(Beginning of EXERCISE MATERIAL)

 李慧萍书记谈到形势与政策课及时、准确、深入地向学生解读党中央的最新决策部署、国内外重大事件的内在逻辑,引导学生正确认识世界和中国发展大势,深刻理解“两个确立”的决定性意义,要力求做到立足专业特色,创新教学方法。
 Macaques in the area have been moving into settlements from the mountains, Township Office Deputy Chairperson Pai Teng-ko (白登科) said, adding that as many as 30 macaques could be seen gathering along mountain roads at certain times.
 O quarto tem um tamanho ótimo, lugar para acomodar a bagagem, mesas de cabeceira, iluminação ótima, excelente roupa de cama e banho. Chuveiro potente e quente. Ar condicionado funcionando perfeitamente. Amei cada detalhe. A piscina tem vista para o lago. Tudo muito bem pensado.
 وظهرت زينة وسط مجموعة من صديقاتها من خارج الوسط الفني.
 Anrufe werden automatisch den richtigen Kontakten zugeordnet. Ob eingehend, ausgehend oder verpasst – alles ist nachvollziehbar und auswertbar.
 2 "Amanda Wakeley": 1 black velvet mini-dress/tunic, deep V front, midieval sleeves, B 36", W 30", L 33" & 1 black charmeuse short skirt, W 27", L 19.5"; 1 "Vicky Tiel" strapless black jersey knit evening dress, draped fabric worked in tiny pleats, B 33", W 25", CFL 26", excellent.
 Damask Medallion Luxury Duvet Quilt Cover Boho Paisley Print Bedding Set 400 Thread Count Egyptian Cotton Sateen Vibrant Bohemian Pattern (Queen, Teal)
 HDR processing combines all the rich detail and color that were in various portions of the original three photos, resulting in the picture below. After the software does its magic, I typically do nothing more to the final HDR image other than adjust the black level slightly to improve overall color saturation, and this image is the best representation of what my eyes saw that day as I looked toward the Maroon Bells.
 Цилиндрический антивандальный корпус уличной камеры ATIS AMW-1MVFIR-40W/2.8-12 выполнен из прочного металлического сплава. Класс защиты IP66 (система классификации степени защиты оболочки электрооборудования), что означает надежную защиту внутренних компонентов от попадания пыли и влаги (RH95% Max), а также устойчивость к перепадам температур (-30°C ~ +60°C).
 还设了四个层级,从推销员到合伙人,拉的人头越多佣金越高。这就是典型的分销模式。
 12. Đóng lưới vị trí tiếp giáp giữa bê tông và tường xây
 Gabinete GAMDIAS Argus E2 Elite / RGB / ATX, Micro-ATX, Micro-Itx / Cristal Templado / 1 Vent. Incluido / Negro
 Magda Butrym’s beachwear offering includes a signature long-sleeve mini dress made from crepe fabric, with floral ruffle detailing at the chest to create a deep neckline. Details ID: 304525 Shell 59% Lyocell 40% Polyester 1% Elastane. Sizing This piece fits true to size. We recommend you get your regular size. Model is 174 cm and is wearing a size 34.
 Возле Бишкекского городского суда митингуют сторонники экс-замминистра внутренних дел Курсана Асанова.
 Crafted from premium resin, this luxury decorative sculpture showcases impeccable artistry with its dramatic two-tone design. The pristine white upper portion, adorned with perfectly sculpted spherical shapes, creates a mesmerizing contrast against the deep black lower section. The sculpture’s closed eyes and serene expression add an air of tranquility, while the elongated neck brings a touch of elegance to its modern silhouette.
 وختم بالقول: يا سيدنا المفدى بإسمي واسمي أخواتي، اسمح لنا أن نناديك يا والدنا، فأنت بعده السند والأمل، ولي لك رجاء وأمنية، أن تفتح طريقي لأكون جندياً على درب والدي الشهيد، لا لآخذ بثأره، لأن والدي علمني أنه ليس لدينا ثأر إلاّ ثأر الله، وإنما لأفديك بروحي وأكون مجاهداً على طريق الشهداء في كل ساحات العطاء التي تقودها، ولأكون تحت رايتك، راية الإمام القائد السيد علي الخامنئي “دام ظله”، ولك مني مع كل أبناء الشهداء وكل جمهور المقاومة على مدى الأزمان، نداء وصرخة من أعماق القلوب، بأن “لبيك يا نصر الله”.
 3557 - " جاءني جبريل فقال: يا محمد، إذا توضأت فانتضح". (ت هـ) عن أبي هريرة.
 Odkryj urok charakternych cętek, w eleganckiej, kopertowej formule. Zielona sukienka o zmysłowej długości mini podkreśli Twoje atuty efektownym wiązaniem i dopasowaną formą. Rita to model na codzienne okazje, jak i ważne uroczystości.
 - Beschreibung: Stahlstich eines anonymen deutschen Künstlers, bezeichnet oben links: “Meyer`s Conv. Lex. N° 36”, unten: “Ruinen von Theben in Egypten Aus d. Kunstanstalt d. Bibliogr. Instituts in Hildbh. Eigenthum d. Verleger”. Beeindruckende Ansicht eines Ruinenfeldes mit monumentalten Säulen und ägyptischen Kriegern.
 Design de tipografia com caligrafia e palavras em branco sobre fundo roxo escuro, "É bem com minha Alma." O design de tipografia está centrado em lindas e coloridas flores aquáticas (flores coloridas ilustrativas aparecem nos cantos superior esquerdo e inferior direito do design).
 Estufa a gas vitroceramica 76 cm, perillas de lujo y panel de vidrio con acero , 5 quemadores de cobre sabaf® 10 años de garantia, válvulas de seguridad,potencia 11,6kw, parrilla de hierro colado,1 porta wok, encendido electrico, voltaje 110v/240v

(End of EXERCISE MATERIAL)

▶ **GOAL OF THE EXERCISE**
Would you copy each line of the records that contains "eyes"?

▶ **ANSWER BOX**
 HDR processing combines all the rich detail and color that were in various portions of the original three photos, resulting in the picture below. After the software does its magic, I typically do nothing more to the final HDR image other than adjust the black level slightly to improve overall color saturation, and this image is the best representation of what my eyes saw that day as I looked toward the Maroon Bells.
 Crafted from premium resin, this luxury decorative sculpture showcases impeccable artistry with its dramatic two-tone design. The pristine white upper portion, adorned with perfectly sculpted spherical shapes, creates a mesmerizing contrast against the deep black lower section. The sculpture’s closed eyes and serene expression add an air of tranquility, while the elongated neck brings a touch of elegance to its modern silhouette.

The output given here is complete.